§ **Task details**
For this exercise, copy exactly the lines below from the one with "Quang Long |" through the one with "Аким Алматы Ерболат" and leave out the pictures.

§ **Information supplied**
-- Opening Marker --

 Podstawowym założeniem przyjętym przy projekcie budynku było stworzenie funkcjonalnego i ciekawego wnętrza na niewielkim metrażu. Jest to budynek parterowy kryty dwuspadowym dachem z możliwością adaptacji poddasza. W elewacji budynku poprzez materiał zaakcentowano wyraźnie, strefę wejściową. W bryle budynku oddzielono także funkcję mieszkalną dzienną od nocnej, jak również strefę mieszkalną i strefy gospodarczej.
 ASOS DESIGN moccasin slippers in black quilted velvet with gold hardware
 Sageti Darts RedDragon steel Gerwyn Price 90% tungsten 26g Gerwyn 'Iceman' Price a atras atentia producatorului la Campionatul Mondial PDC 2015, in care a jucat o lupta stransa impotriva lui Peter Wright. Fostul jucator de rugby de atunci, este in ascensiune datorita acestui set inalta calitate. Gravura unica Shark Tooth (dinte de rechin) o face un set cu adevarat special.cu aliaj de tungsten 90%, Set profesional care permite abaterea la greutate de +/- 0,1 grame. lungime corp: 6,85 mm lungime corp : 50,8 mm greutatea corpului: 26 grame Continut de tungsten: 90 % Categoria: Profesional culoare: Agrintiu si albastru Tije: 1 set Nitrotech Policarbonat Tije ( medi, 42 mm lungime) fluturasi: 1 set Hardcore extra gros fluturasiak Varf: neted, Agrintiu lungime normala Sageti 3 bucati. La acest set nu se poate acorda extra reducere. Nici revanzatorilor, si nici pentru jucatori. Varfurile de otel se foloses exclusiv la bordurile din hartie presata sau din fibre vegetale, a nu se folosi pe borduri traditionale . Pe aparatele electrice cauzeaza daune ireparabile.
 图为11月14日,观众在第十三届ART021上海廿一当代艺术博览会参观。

-- Closing Marker --
-- Opening Marker --

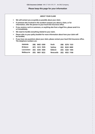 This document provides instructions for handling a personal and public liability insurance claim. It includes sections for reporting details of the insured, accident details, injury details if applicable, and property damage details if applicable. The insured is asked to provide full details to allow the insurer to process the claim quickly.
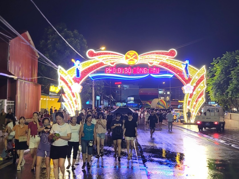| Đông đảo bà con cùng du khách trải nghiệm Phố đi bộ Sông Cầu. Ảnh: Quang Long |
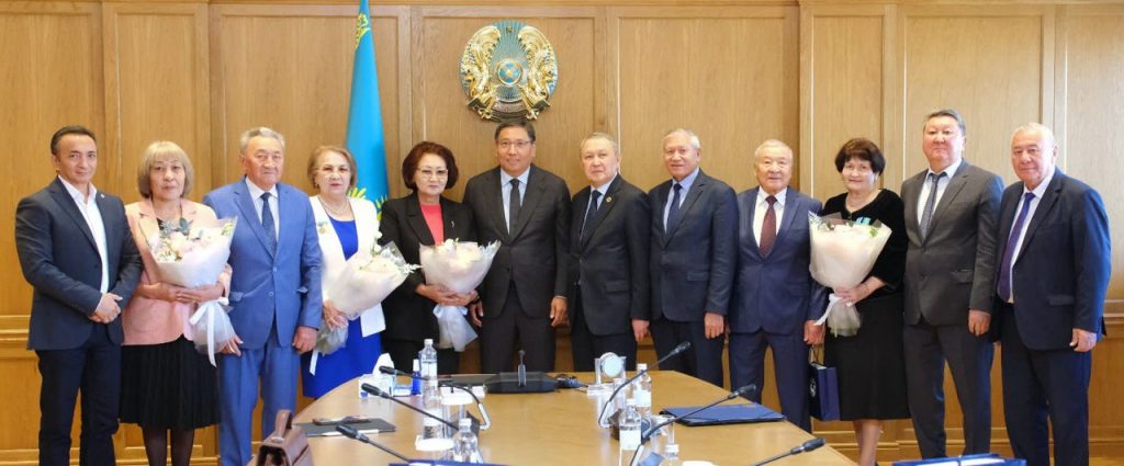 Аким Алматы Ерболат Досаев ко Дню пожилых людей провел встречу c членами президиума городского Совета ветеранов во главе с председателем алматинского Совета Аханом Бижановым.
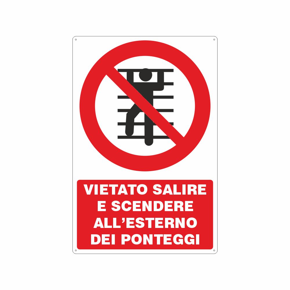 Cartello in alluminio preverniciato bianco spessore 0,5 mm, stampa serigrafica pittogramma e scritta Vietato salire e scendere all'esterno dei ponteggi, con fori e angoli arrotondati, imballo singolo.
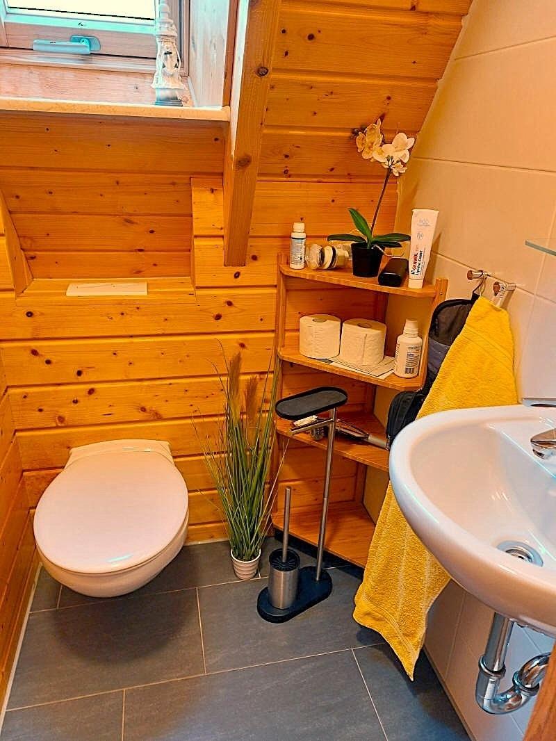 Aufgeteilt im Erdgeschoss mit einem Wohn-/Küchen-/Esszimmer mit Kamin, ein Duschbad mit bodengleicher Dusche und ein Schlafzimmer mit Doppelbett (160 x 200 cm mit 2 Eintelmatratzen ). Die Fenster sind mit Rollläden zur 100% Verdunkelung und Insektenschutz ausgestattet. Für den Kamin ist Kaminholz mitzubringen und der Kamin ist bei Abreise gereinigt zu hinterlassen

-- Closing Marker --
-- Opening Marker --

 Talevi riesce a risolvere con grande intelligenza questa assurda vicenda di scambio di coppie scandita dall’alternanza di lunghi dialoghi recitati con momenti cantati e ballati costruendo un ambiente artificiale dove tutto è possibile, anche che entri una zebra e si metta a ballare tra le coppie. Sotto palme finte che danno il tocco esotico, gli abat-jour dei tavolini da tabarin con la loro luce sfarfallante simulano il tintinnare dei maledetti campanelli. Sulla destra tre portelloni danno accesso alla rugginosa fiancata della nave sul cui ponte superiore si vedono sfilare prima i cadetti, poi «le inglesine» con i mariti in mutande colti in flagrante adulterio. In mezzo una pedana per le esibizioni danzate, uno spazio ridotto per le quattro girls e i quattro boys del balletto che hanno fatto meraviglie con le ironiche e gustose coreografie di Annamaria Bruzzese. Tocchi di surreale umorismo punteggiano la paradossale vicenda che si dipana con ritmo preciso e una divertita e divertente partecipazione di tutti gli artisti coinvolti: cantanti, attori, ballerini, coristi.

-- Closing Marker --

§ **Exercise response**
| Đông đảo bà con cùng du khách trải nghiệm Phố đi bộ Sông Cầu. Ảnh: Quang Long |
 Аким Алматы Ерболат Досаев ко Дню пожилых людей провел встречу c членами президиума городского Совета ветеранов во главе с председателем алматинского Совета Аханом Бижановым.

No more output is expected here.